======== Raw data ========
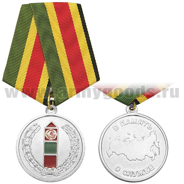Медаль В память о службе (пограничный столб, контур РФ) серебр.
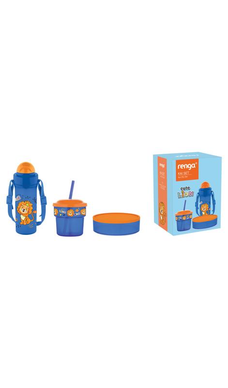 Дитячий набор kai (пляшка 300мл, чашка 250мл, контейнер 360мл) gt-g-712008 gusto, синій
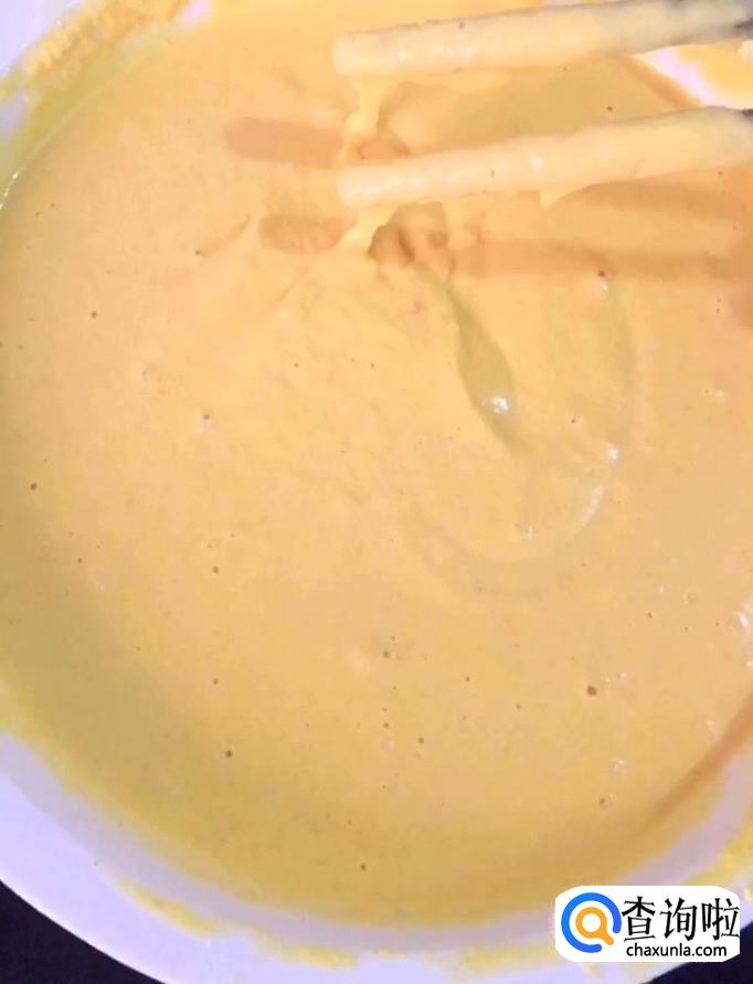 接着我们用筷子将面粉搅拌一下,搅拌成浓稠的面糊备用
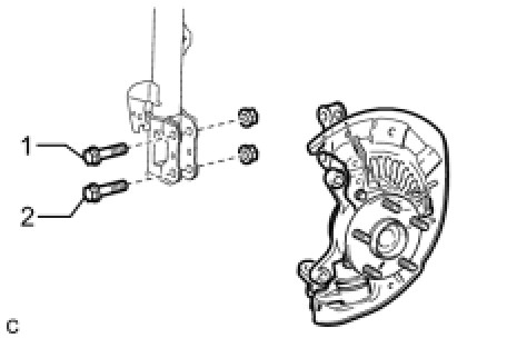 (c) Clean the installation surfaces of the front shock absorber and the steering knuckle.
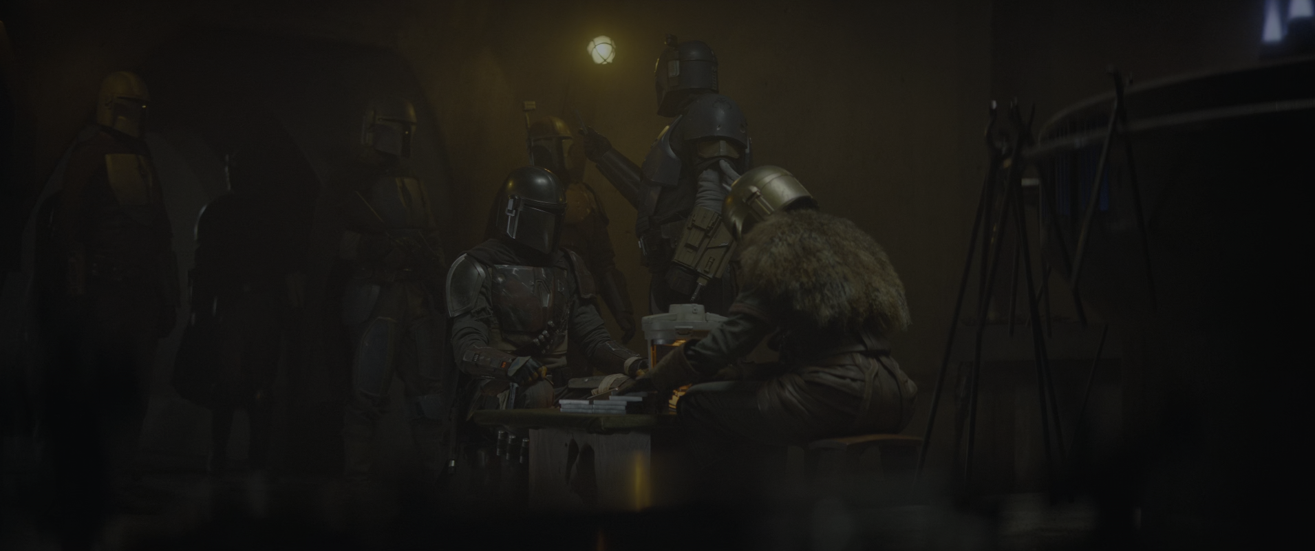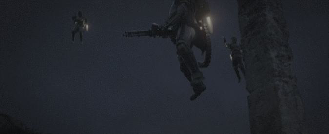만달로리안은 많은 바운티 헌터들에 둘러쌓여 고군분투하지만 역부족인 상태의 마지막 순간에, 만달로리안들이 비밀 아지트에서 나와 합류한다.
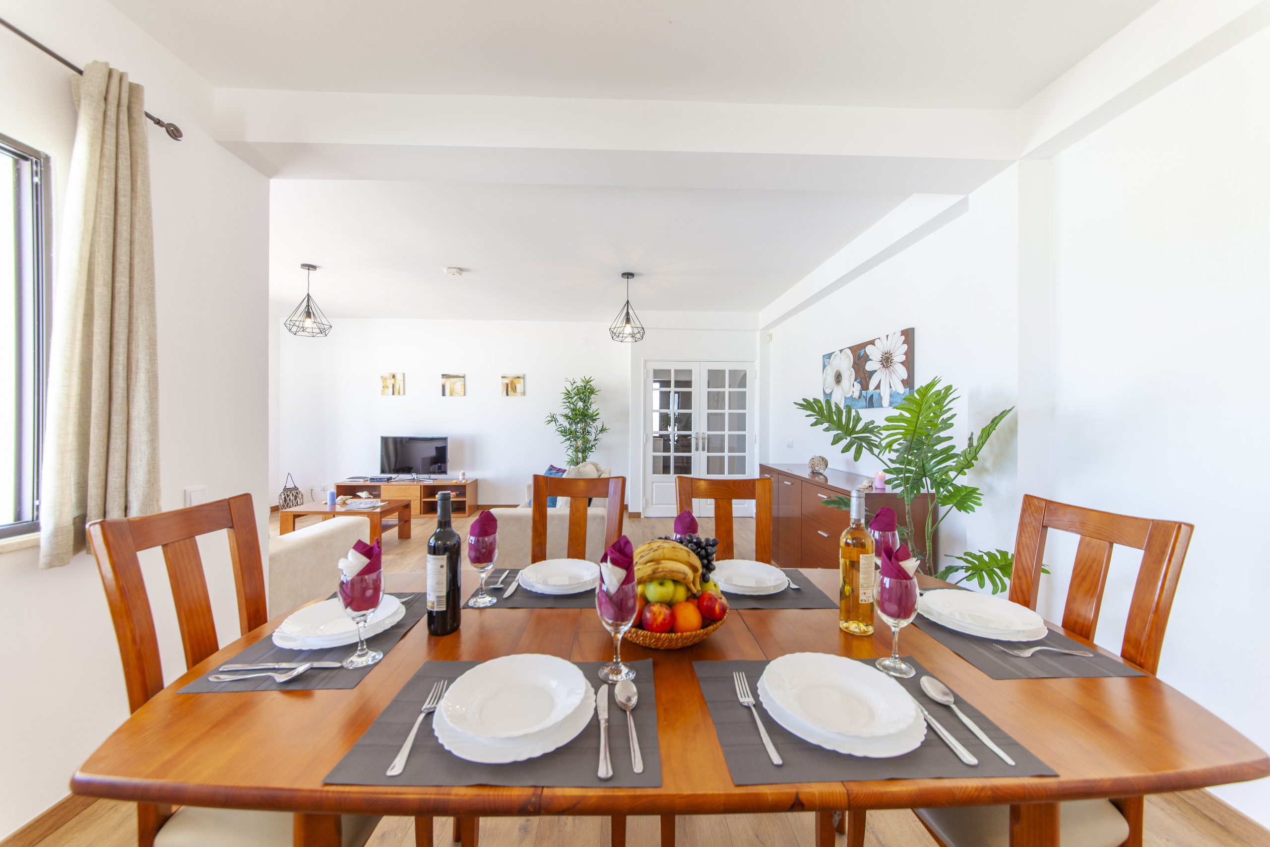 The kitchen is fully equipped with the necessities such as: fridge, freezer, oven, kettle, and toaster. The living room/dining area is furnished with comfortable sofas, a TV, and a wooden dining table that seats 6 guests. There are also sliding doors that allow access to the terrace area, which is furnished with an outdoor table that seats 6 guests - perfect for al fresco dining. As well as a spacious outdoor barbecue and bar area.
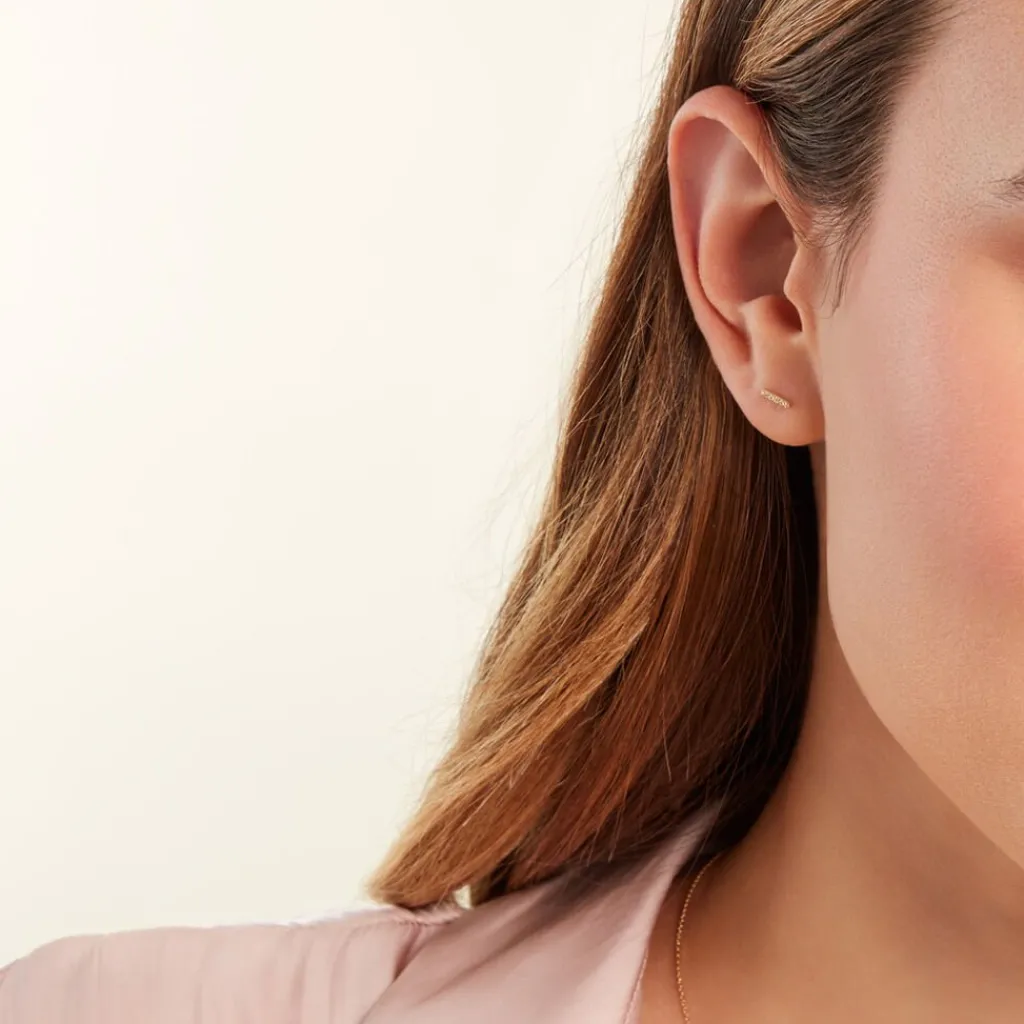 Boucles D’oreilles Puces Or Jaune 375/1000 Barre Pavage Diamants
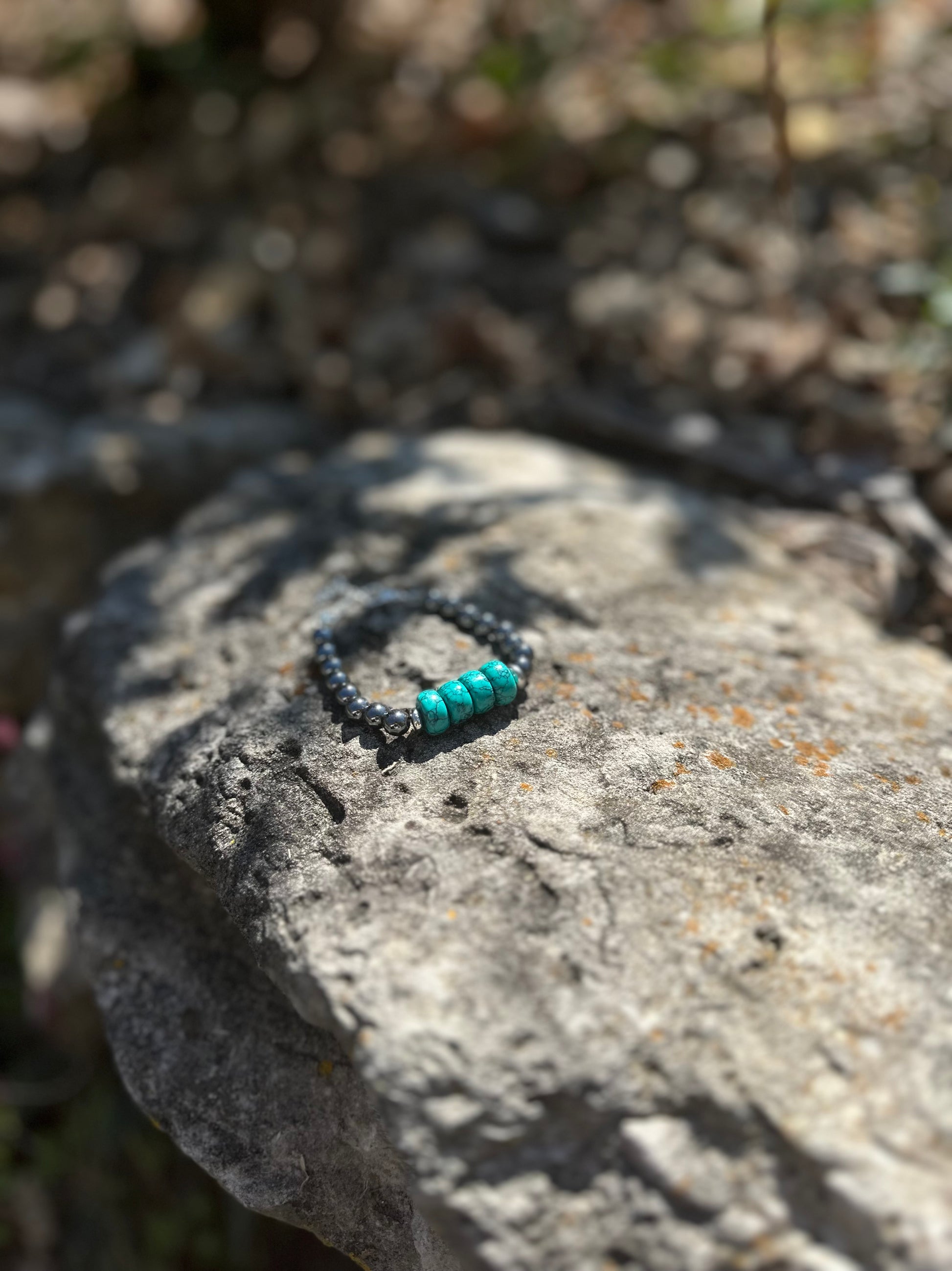 The Silver Sage bracelet brings rustic charm and everyday elegance together in one versatile piece. Featuring hematite beads, faux turquoise stones, and silver spacer accents, this bracelet is a subtle nod to western style with a touch of shine.
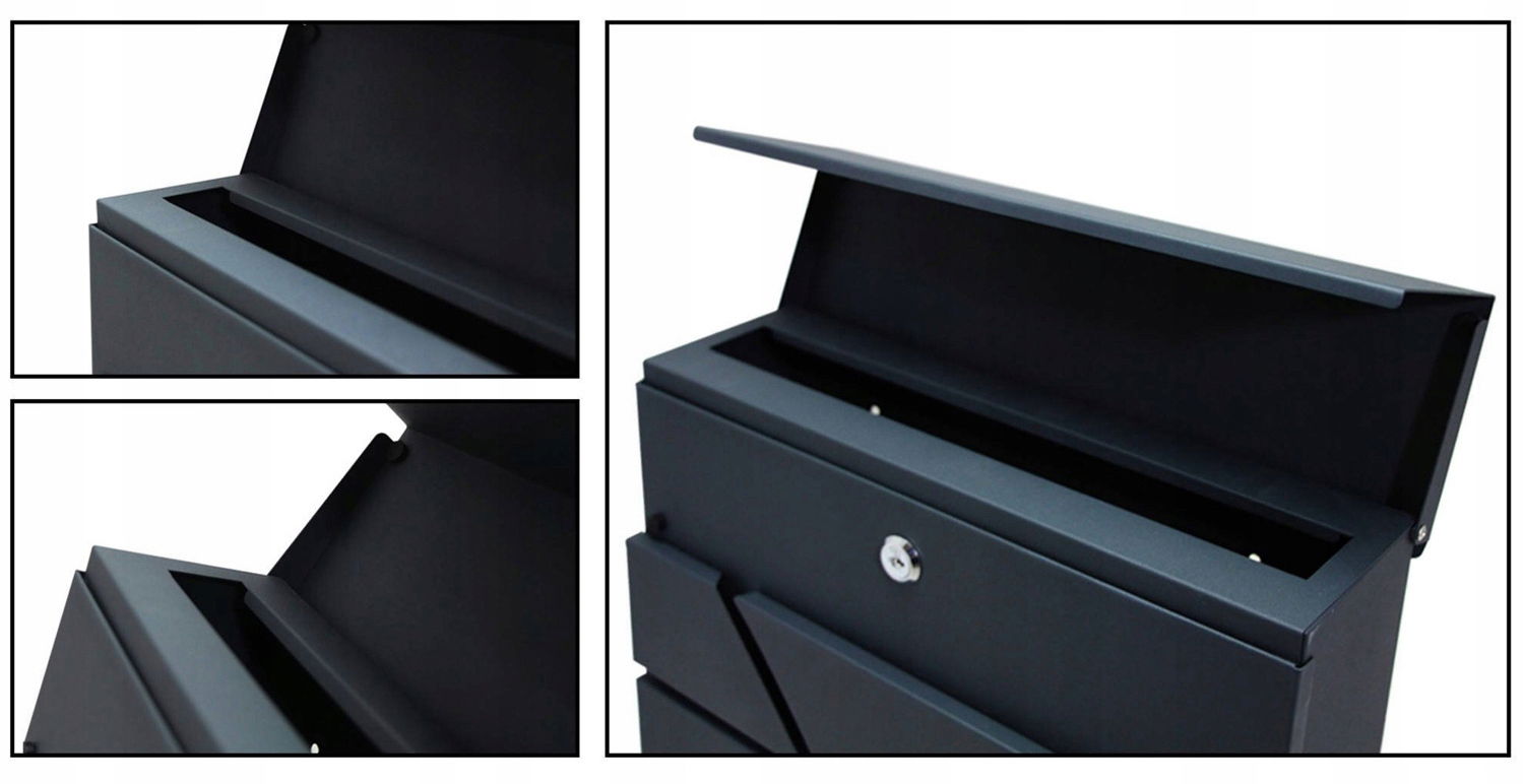 - Zabezpieczony wrzut i zamek: Osłona przed warunkami atmosferycznymi zapewnia ochronę Twojej korespondencji.
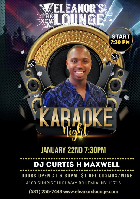 DJ Curtis H. Maxwell is back on stage at the New Eleanor’s Lounge, bringing an incredible night of karaoke, singing, and dancing entertainment.
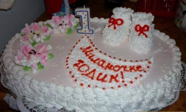 Хорошо смотрится, для совсем маленьких, торт, на котором кремом нарисовано какое-нибудь транспортное средство.
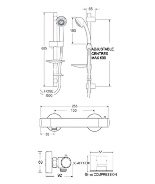 Deva Combi Bar Shower With Kit & Easy Fit Connectors – Combmef
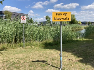 Informatiebord. Voorzicht in vennen en stilstaande plassen. Blauwalg 9 juli 2025
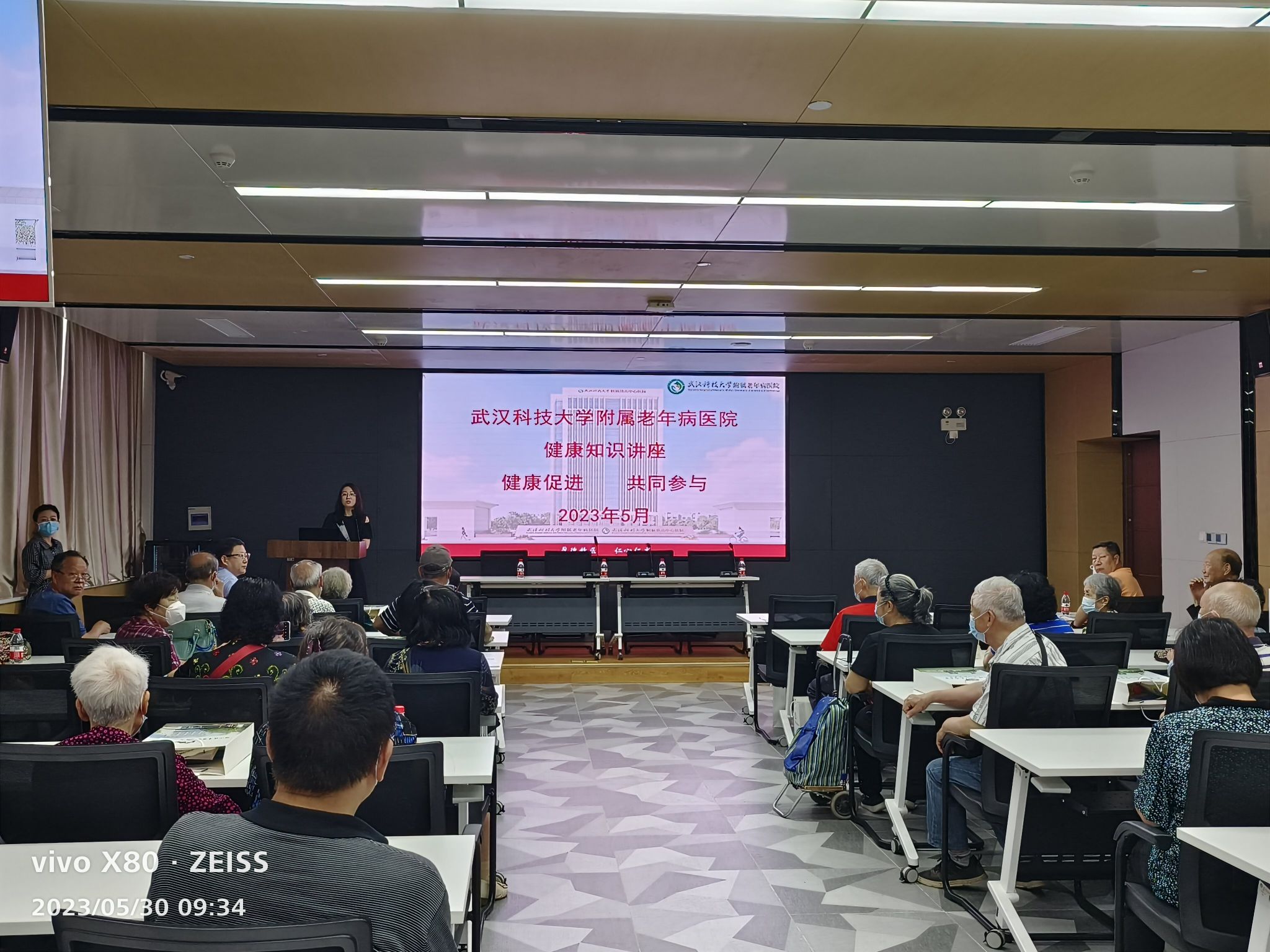 武科大网讯 为提高太阳官网离退休教职工的健康意识和健康素质,促进老年朋友养成文明健康的生活方式,普及健康知识,5月30日,太阳官网离退休工作处和附属老年病医院联合开展以“健康促进 共同参与”为主题的健康知识讲座,太阳官网70余位离退休教职工参加了本次活动。活动由离退休工作处处长李婵娟主持。
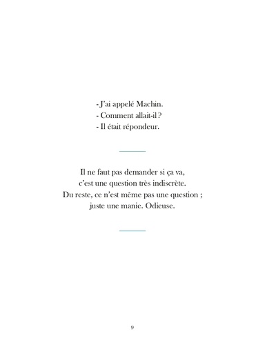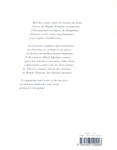 Révoltée contre toutes les formes de mort, l'oeuvre de Brigitte Fontaine est ponctuée d'illuminations mystiques, de divagations hilarantes et de vérités trop humaines pour inspirer l'indifférence. Les formules cinglantes qui nourrissent ses chansons, ses romans et ses pièces de théâtre interpellent depuis longtemps le dessinateur Alfred. Quelques années après leur première rencontre, l'idée d'une collaboration a mûri entre les deux artistes. Et Alfred a composé autour des maximes de Brigitte Fontaine une fantaisie dessinée. Ce ping-pong entre textes et dessins tisse un dialogue inattendu, tour à tour profond et désopilant.
========
Everything from the line containing "Deva Combi Bar" through the end of the data should be printed exactly, line for line, except the pictures.

 Deva Combi Bar Shower With Kit & Easy Fit Connectors – Combmef
 Informatiebord. Voorzicht in vennen en stilstaande plassen. Blauwalg 9 juli 2025
 武科大网讯 为提高太阳官网离退休教职工的健康意识和健康素质,促进老年朋友养成文明健康的生活方式,普及健康知识,5月30日,太阳官网离退休工作处和附属老年病医院联合开展以“健康促进 共同参与”为主题的健康知识讲座,太阳官网70余位离退休教职工参加了本次活动。活动由离退休工作处处长李婵娟主持。
 Révoltée contre toutes les formes de mort, l'oeuvre de Brigitte Fontaine est ponctuée d'illuminations mystiques, de divagations hilarantes et de vérités trop humaines pour inspirer l'indifférence. Les formules cinglantes qui nourrissent ses chansons, ses romans et ses pièces de théâtre interpellent depuis longtemps le dessinateur Alfred. Quelques années après leur première rencontre, l'idée d'une collaboration a mûri entre les deux artistes. Et Alfred a composé autour des maximes de Brigitte Fontaine une fantaisie dessinée. Ce ping-pong entre textes et dessins tisse un dialogue inattendu, tour à tour profond et désopilant.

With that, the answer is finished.